We all Heard it, right?

August 13, 2008

You heard it, didn’t you?  Man, that was nuts.  I can’t believe that was said, and especially at such a loud volume!  Holy crap, that was seriously fucking loud.

Hey, man, you heard that, too, didn’t you?  Bro, that was seriously nuts.  I was like, whoa, this is nuts.  I mean, I’ve heard some shit before, believe me, but that was fucking nuts.  Seriously.  You heard it, right?

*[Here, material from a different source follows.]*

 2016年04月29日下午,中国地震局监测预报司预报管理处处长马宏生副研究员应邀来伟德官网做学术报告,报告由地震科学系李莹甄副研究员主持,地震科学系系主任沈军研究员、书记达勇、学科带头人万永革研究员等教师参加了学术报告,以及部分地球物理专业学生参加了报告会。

Wow, I mean WOW.  That reminds me of that time I heard a helicopter landing on my roof.   Remember I told you about that?   Dude, I totally heard a helicopter about to  land right on top of my FUCKING ROOF!   It was probably because of that blog post I wrote about Obama and his gay sex sessions, so he fucking sent a helicopter to my house.  But it’s cool, cuz I  have this one spot  in my room, where I can like totally hide if anyone wants to like try to take me away, and I put all my Pokemon cards in a box down there so no one will take them.    Then I heard Barack himself walking around my room, dude, I shit you not, and then he fucked John Edwards IN THE ASS, right on my bed, dude!

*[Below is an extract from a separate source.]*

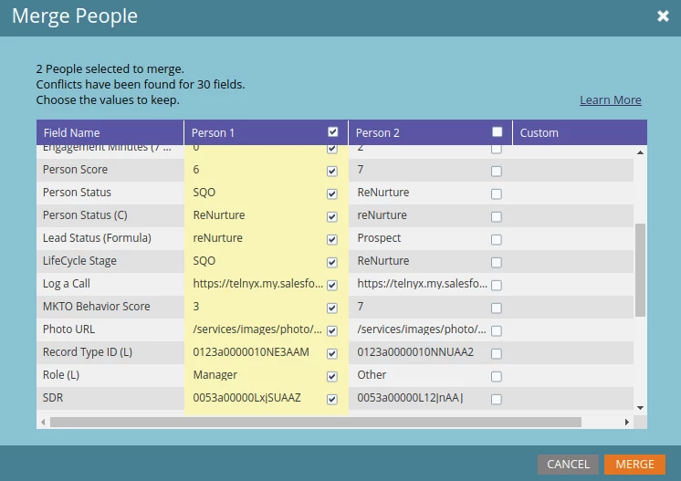 When manually merging in Marketo with discrepancies between the person field values, the interface allows you to choose which values you want to win and therefore keep on the resultant merged person. The Priority.py script does the exact same thing, using custom rules specified by you to determine which values are prioritized for person fields in a merge.

But seriously, that was crazy, but did you just heard that?   You heard it, right?  Man, that was nuts.

This one time, I heard a squirrel about to fucking put a curse on my nads, man, I shit you not.   Remember that?  I told you about that.  The squirrel was like totally possessed or some shit.  So it starts screaming at me through the window.  I mean, the blinds were closed but it was pretty obvious that it was directed at ME.   Anyways, it sounded totally nuts, man!

Do you hear that?  Man, that is nuts.

Hello?  Mom?  Are you still there?   That’s cool, I’ll call you back later.

Or I’ll just come upstairs.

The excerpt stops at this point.